A single tool call: parsing, limits, cache, hooks, and events handled together.

This function encapsulates several cross‑cutting concerns:

Argument parsing is centralized via parse_tool_call_args, so provider‑specific quirks don’t leak into the loop.
Usage limits (max_usage_count) live next to the tool, not in the control flow.
Caching is delegated to ToolsHandler.cache, but controlled here, with an optional cache_function policy on the tool.
Hooks around execution use ToolCallHookContext, enabling policy or tracing without touching core logic.
Events (ToolUsageStartedEvent, ToolUsageFinishedEvent, ToolUsageErrorEvent) are emitted predictably, baking observability into each call.

Conceptually, each tool call is a Command: an executable unit with metadata that can be logged, cached, and decorated. The executor is the command dispatcher.

After execution, the result is stitched back into the conversation and may even terminate the run:

def _append_tool_result_and_check_finality(
    self, execution_result: dict[str, Any]
) -> AgentFinish | None:
    call_id = cast(str, execution_result["call_id"])
    func_name = cast(str, execution_result["func_name"])
    result = cast(str, execution_result["result"])
    original_tool = execution_result["original_tool"]

    tool_message: LLMMessage = {
        "role": "tool",
        "tool_call_id": call_id,
        "name": func_name,
        "content": result,
    }
    self.messages.append(tool_message)

    if (
        original_tool
        and hasattr(original_tool, "result_as_answer")
        and original_tool.result_as_answer
    ):
        return AgentFinish(
            thought="Tool result is the final answer",
            output=result,
            text=result,
        )
    return None

Tool outputs become notebook entries; some tools can terminate the run.

This ties into an important metaphor: the message history is a shared notebook. User, assistant, and tools all write into it. The executor keeps the notebook coherent and respects tools that declare, via result_as_answer, “this output is the final answer.”

ReAct vs native tools: one brain, two strategies

ReAct and native tools look different, but the executor treats them as two strategies for the same mental loop: repeatedly “think → maybe act → think again” until you reach AgentFinish.

With native tools, the loop leans on provider‑level structured calling. It converts internal tools into a provider schema, then interprets responses as either tool calls or final text:

openai_tools, available_functions, self._tool_name_mapping = (
    convert_tools_to_openai_schema(self.original_tools)
)

while True:
    # ... max_iter, rpm ...
    answer = get_llm_response(
        llm=cast("BaseLLM", self.llm),
        messages=self.messages,
        callbacks=self.callbacks,
        printer=PRINTER,
        tools=openai_tools,
        available_functions=None,
        ...,
    )

    if isinstance(answer, list) and answer and self._is_tool_call_list(answer):
        tool_finish = self._handle_native_tool_calls(answer, available_functions)
        if tool_finish is not None:
            return tool_finish
        continue

    if isinstance(answer, str):
        formatted_answer = AgentFinish(thought="", output=answer, text=answer)
        # ... log, append, return ...

Native loop: structured tool calls first, then final text or model objects.

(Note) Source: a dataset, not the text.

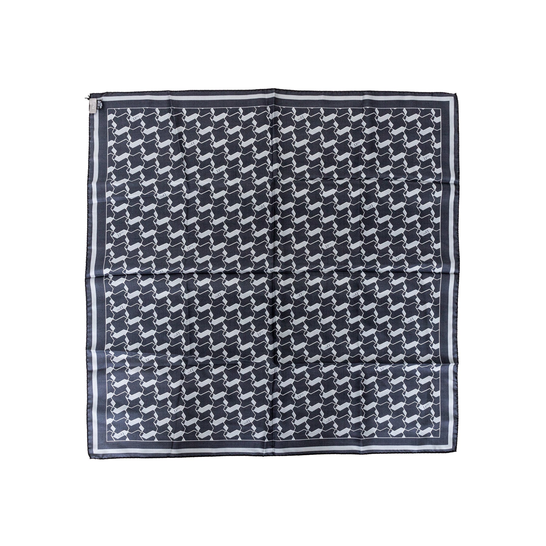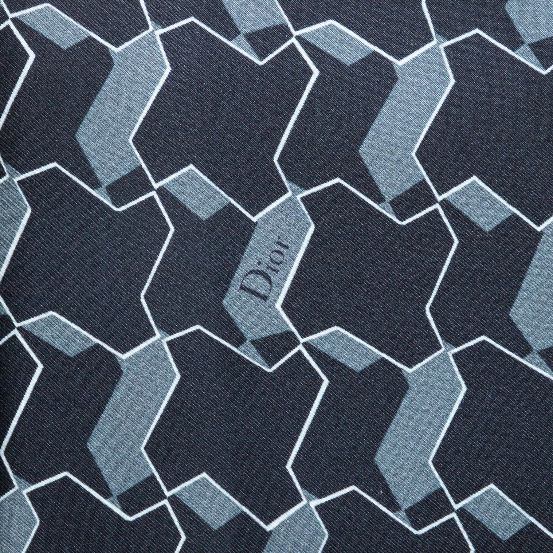 Expertly crafted from luxurious silk, the Dior scarf features a sophisticated abstract pattern in dark grey tone with subtle Dior logo detailing. Stay stylish and chic with this square scarf.

Under the hood, helpers like _is_tool_call_list and _parse_native_tool_call recognize provider‑specific shapes (OpenAI, Anthropic, Bedrock, Gemini) and normalize them to simple tuples like (call_id, func_name, func_args). That’s a clean Adapter pattern: external protocol diversity, internal uniformity.

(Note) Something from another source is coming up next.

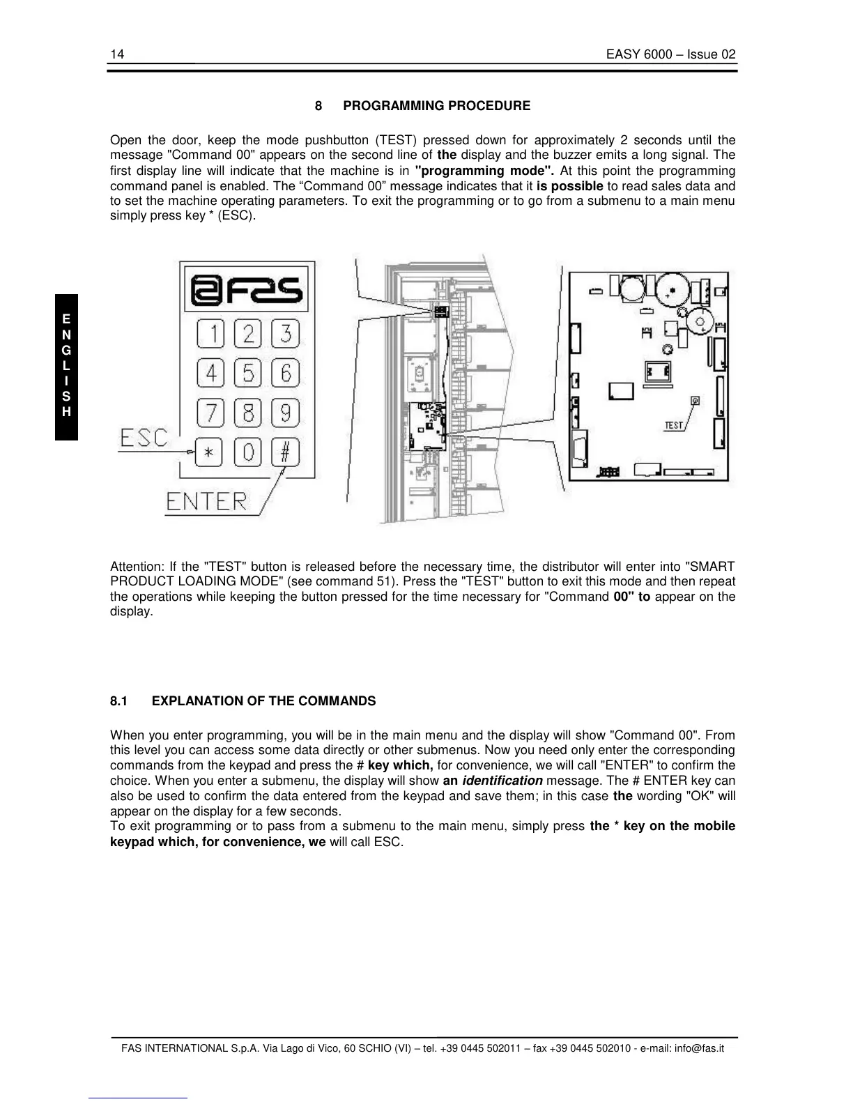 the operations while keeping the button pressed for the time necessary for "Command 00" to appear on the

A subtle part of this design is how it treats multiple tool calls in one response. Should they run in parallel? The executor encodes the answer as a simple policy:

if len(parsed_calls) > 1:
    has_result_as_answer_in_batch = any(
        bool(
            original_tools_by_name.get(func_name)
            and getattr(original_tools_by_name.get(func_name), "result_as_answer", False)
        )
        for _, func_name, _ in parsed_calls
    )
    has_max_usage_count_in_batch = any(
        bool(
            original_tools_by_name.get(func_name)
            and getattr(original_tools_by_name.get(func_name), "max_usage_count", None)
            is not None
        )
        for _, func_name, _ in parsed_calls
    )

    # Preserve sequential behavior when semantics demand it.
    if has_result_as_answer_in_batch or has_max_usage_count_in_batch:
        logger.debug("Skipping parallel native execution...")
    else:
        # Build execution_plan and submit to ThreadPoolExecutor(...)

Parallelism is guarded by tool semantics like result_as_answer and usage limits.

The trade‑offs are explicit:

Correctness. Tools that cap their usage or directly answer the user should not run concurrently with casual threading around shared counters.
Performance. Clearly independent tools can be executed in parallel (up to a fixed worker limit) to cut tail latency.
Simplicity. Instead of a general DAG, the executor uses simple booleans on tools to decide whether parallelism is even allowed.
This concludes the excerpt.